Records START

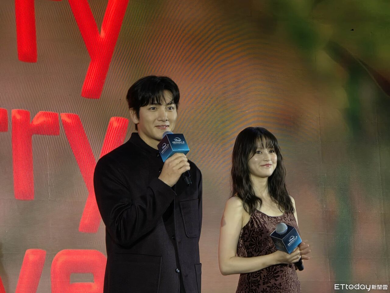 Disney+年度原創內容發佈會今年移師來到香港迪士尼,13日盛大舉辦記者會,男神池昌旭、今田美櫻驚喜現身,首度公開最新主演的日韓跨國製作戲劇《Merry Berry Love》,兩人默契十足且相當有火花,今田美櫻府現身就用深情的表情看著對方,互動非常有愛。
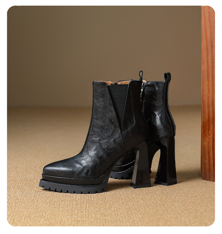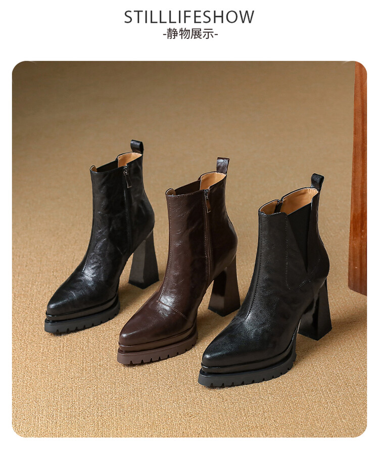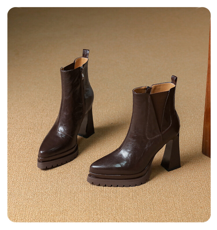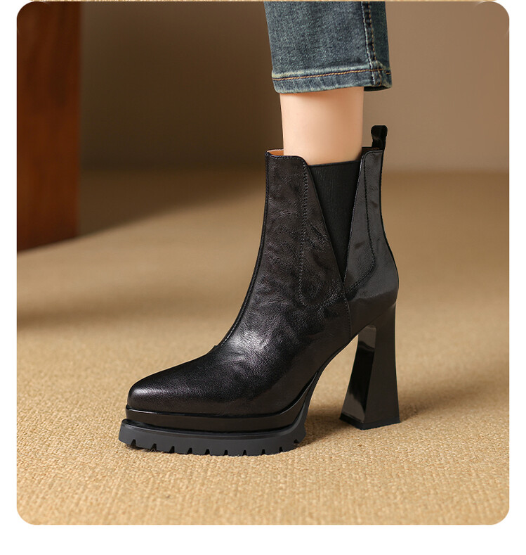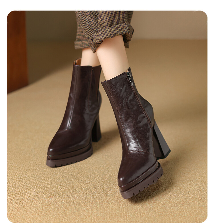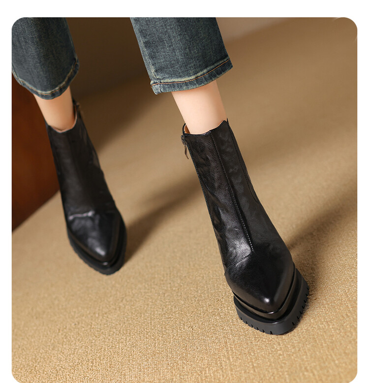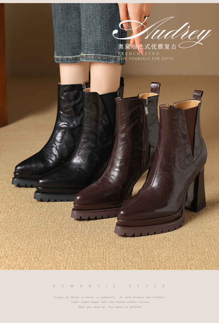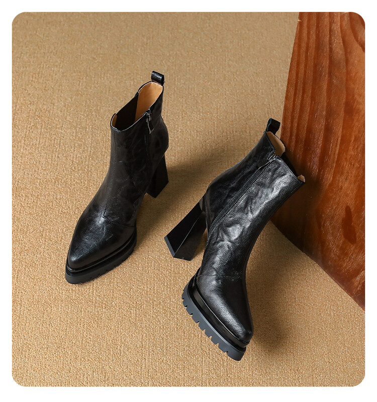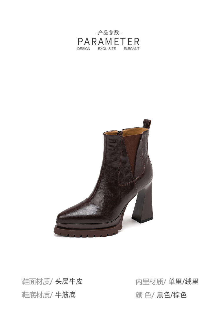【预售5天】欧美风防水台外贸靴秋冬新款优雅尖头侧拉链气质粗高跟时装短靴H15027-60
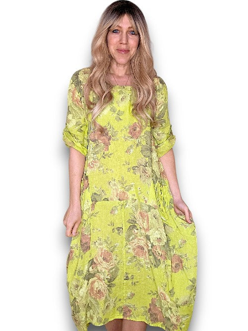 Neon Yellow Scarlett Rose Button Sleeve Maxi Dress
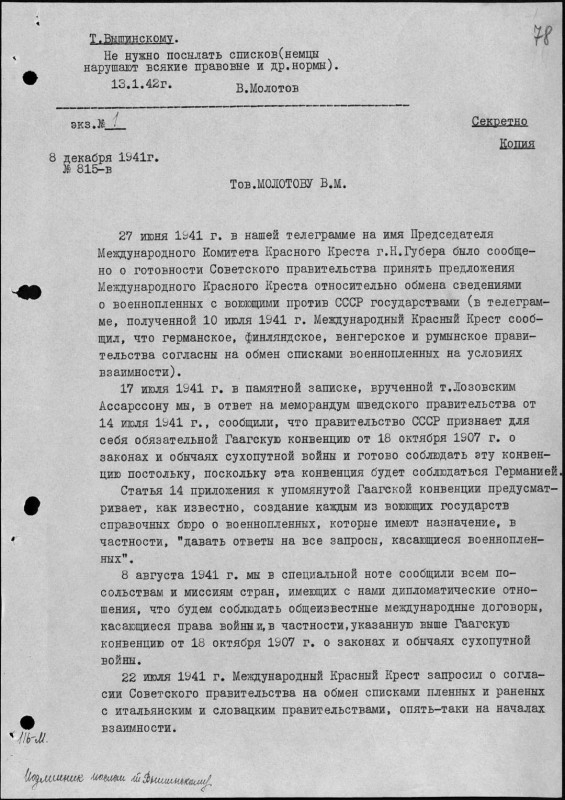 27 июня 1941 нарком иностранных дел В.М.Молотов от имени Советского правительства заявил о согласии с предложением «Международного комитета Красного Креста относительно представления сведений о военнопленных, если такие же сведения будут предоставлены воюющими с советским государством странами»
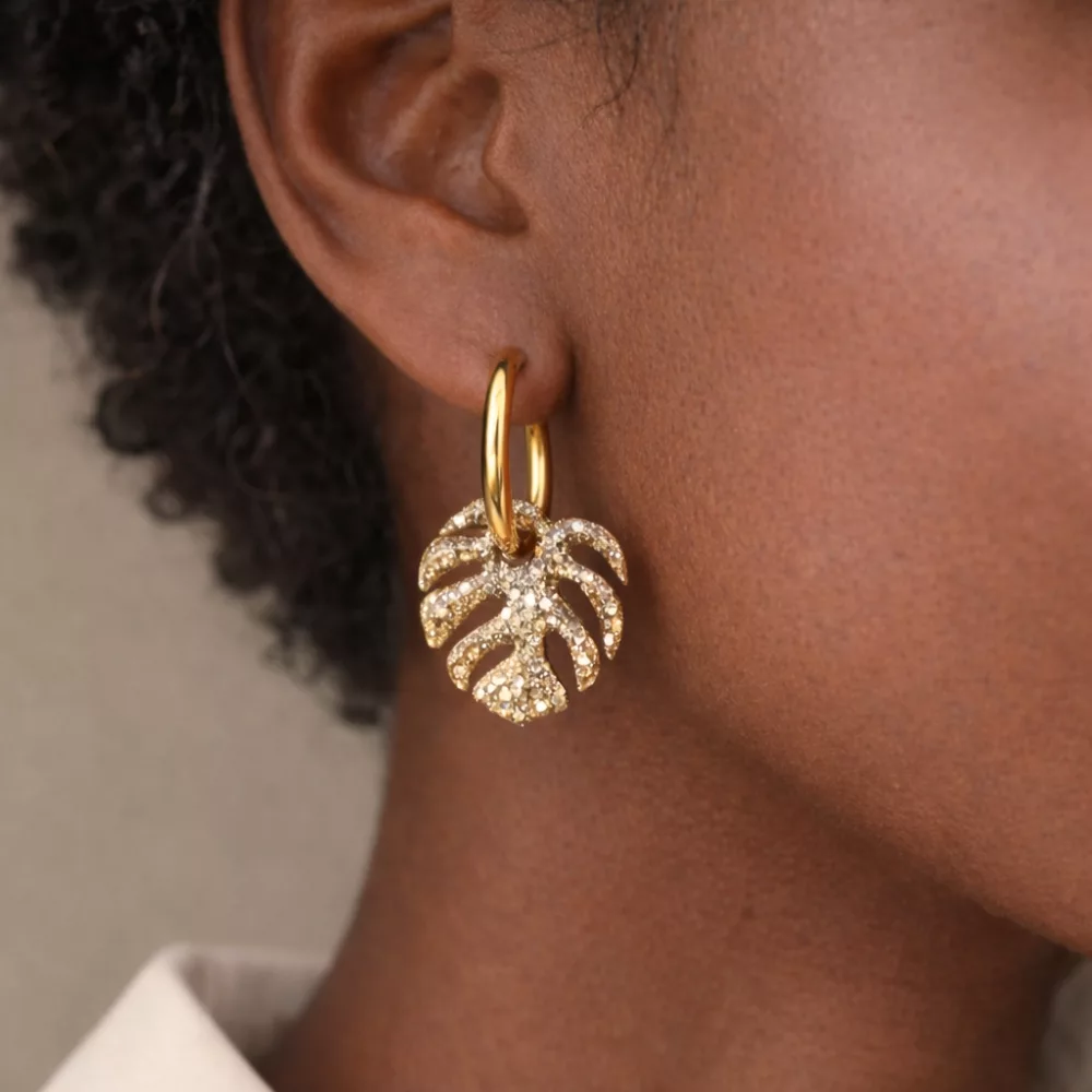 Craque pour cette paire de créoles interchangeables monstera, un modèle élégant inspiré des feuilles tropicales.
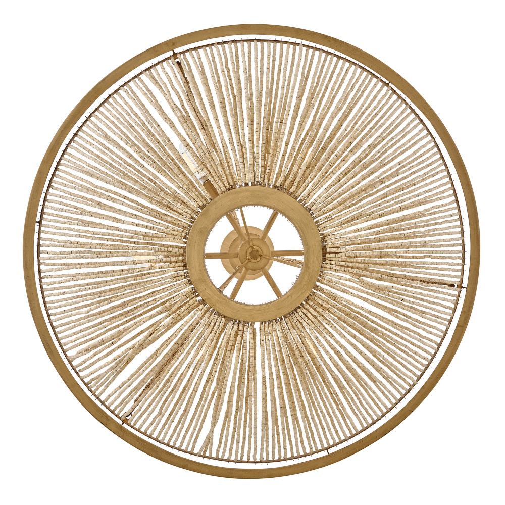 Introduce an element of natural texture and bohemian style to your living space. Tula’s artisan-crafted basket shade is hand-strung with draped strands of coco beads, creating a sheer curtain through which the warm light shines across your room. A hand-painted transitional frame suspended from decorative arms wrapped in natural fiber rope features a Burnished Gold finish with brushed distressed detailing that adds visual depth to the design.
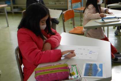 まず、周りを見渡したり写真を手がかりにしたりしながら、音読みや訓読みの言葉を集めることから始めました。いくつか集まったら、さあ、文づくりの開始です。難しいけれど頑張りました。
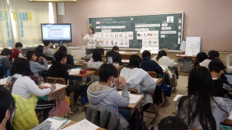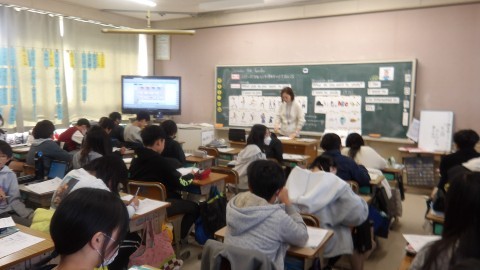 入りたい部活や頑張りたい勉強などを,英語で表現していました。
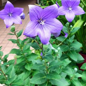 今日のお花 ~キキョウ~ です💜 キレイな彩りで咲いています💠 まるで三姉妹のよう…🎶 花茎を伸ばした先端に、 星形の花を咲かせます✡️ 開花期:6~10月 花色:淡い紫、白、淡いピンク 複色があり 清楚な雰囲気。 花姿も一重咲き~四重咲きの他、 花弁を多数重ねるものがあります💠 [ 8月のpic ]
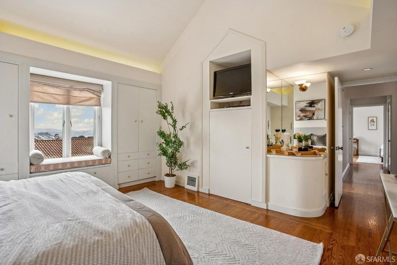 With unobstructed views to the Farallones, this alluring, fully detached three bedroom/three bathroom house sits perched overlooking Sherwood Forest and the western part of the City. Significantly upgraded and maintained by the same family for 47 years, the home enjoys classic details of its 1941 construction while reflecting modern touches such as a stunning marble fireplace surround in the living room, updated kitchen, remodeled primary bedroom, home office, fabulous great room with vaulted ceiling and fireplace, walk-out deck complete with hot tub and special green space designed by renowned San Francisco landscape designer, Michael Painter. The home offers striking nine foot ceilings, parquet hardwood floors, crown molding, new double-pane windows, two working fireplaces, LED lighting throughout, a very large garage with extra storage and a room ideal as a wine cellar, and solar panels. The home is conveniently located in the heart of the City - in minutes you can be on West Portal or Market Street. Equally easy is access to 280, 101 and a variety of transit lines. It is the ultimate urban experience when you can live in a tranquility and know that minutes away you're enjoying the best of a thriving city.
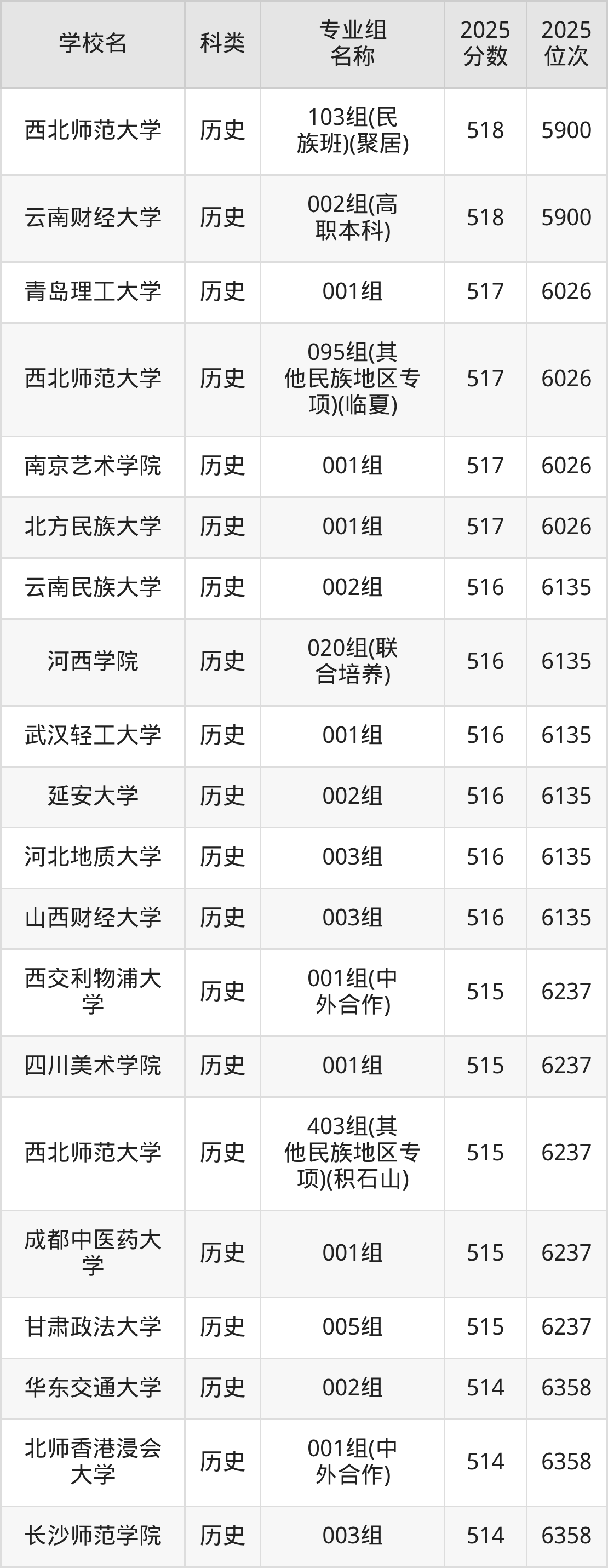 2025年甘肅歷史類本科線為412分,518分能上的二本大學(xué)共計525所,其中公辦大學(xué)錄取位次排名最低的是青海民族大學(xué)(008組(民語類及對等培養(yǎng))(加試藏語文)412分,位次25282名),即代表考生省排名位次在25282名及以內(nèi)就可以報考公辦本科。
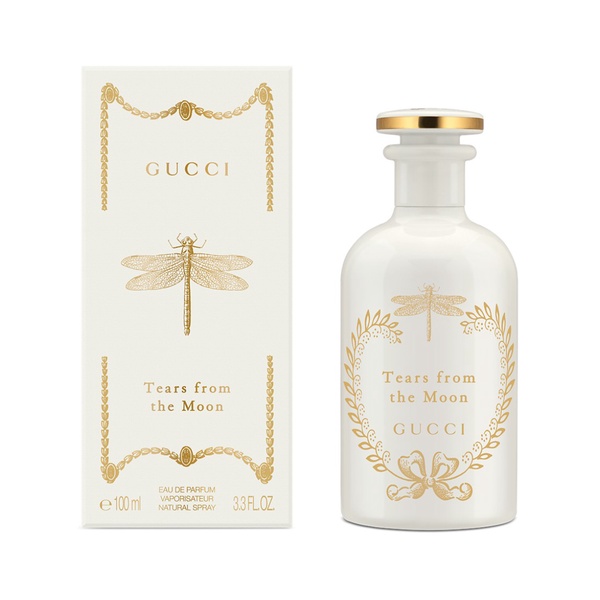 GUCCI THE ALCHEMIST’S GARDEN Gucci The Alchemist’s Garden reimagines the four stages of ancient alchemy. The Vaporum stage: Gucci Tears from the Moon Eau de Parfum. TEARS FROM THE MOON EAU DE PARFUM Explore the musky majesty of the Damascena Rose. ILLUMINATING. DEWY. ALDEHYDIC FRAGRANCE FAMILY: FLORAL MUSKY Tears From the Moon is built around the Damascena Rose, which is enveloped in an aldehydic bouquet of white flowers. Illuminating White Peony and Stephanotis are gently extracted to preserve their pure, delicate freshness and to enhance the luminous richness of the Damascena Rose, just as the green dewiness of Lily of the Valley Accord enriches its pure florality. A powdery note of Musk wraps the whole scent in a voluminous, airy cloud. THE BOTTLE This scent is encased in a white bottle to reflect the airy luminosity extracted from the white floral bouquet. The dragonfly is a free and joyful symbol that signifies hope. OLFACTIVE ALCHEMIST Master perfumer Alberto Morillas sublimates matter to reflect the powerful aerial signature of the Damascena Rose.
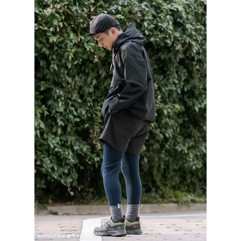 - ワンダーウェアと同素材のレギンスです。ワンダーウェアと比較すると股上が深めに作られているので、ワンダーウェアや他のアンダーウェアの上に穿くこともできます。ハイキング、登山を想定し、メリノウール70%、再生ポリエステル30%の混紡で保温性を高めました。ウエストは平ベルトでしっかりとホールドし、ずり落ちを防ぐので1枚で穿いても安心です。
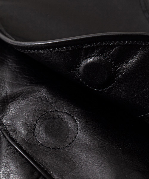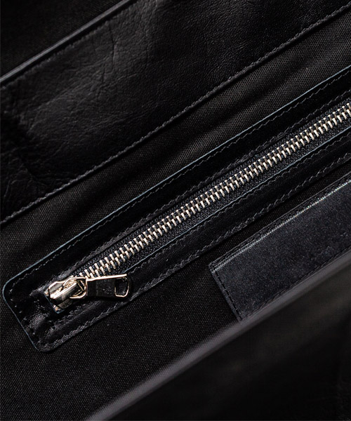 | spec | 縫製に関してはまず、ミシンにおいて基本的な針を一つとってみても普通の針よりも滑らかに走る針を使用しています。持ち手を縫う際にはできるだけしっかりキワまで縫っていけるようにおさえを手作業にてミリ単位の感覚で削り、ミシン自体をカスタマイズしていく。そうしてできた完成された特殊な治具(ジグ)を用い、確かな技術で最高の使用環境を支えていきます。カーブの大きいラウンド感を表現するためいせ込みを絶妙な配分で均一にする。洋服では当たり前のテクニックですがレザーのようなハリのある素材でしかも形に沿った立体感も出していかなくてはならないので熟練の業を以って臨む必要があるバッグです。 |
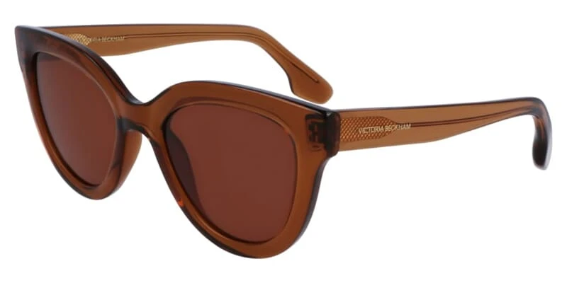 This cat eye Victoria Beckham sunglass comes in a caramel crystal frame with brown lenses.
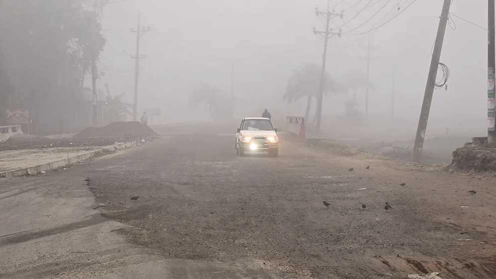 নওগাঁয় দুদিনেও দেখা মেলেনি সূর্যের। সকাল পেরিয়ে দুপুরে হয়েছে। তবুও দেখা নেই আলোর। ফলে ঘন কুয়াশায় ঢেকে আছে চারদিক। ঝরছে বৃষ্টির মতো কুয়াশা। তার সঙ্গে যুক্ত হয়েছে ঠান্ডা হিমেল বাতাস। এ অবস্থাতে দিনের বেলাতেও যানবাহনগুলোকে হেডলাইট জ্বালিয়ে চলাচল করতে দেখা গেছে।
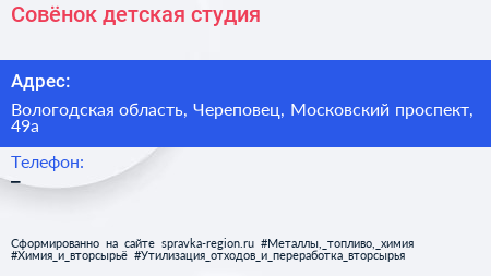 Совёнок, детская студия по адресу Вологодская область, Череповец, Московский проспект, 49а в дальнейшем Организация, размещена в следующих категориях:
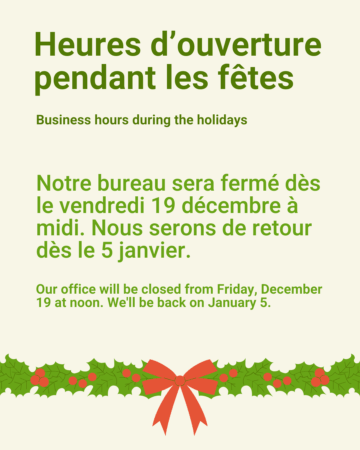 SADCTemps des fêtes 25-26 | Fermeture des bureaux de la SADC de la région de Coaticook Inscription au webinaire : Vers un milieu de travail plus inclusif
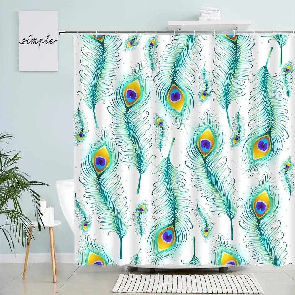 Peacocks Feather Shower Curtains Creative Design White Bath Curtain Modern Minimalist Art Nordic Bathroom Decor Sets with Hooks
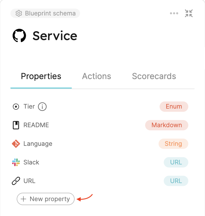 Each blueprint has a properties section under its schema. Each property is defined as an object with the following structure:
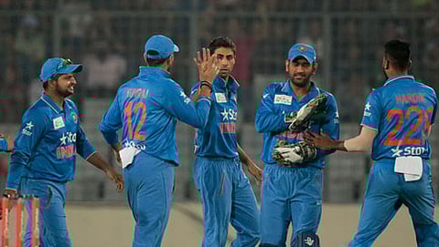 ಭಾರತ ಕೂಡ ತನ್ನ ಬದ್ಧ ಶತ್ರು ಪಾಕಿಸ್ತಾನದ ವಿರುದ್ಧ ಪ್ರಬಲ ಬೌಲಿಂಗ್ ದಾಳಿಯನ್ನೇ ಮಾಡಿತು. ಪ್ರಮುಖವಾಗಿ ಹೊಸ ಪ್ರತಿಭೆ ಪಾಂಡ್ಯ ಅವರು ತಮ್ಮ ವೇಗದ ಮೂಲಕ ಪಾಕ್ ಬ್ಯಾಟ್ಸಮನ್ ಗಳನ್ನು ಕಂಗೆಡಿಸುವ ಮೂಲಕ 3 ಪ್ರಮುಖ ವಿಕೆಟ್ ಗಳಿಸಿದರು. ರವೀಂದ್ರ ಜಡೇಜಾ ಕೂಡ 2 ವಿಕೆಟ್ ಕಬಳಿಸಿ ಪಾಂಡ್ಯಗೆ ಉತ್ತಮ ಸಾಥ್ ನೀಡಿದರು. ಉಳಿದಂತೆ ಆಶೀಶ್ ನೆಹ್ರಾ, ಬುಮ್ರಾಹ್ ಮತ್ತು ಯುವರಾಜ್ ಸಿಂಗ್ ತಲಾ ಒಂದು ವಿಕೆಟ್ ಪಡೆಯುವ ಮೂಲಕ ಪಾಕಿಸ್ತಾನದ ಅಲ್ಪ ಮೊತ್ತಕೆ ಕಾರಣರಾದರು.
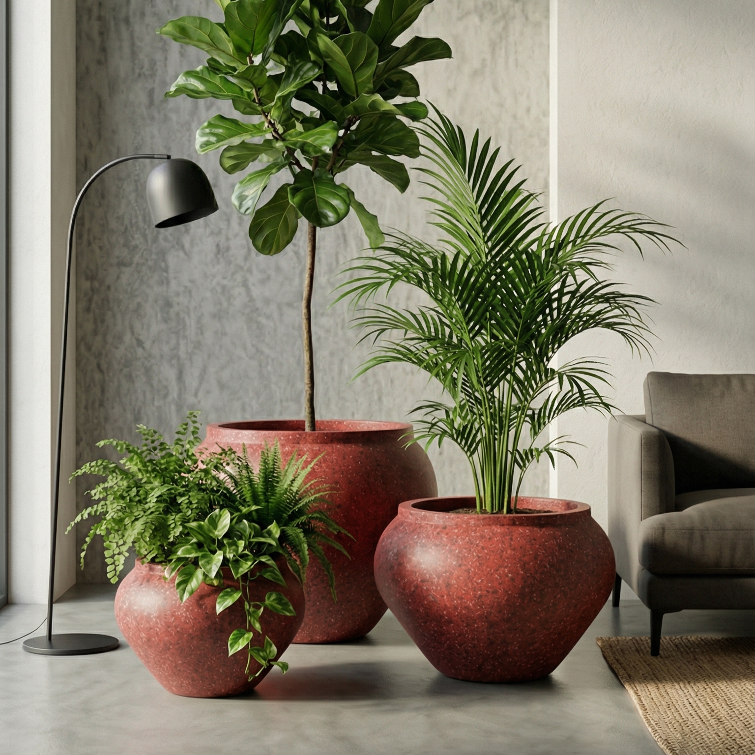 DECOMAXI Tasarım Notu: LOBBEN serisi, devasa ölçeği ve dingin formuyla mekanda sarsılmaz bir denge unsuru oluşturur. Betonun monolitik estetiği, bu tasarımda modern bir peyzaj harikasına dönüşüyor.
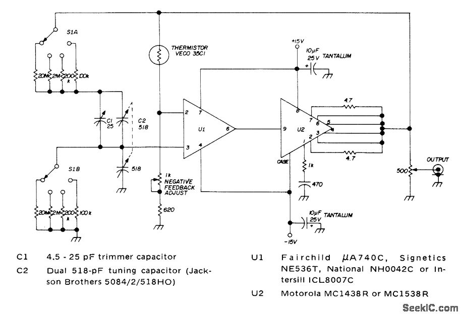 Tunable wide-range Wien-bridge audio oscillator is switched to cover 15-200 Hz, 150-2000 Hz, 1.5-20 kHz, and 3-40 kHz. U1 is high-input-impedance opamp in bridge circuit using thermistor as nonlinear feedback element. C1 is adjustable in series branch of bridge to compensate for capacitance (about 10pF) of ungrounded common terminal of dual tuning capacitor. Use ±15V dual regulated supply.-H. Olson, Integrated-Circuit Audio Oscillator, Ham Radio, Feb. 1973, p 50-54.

Records END

● What needs to be done
Reproduce only the lines from the beginning of the data through the line that contains "Neon Yellow Scarlett", both included, and please drop the pictures.

● Completed task
 Disney+年度原創內容發佈會今年移師來到香港迪士尼,13日盛大舉辦記者會,男神池昌旭、今田美櫻驚喜現身,首度公開最新主演的日韓跨國製作戲劇《Merry Berry Love》,兩人默契十足且相當有火花,今田美櫻府現身就用深情的表情看著對方,互動非常有愛。
【预售5天】欧美风防水台外贸靴秋冬新款优雅尖头侧拉链气质粗高跟时装短靴H15027-60
 Neon Yellow Scarlett Rose Button Sleeve Maxi Dress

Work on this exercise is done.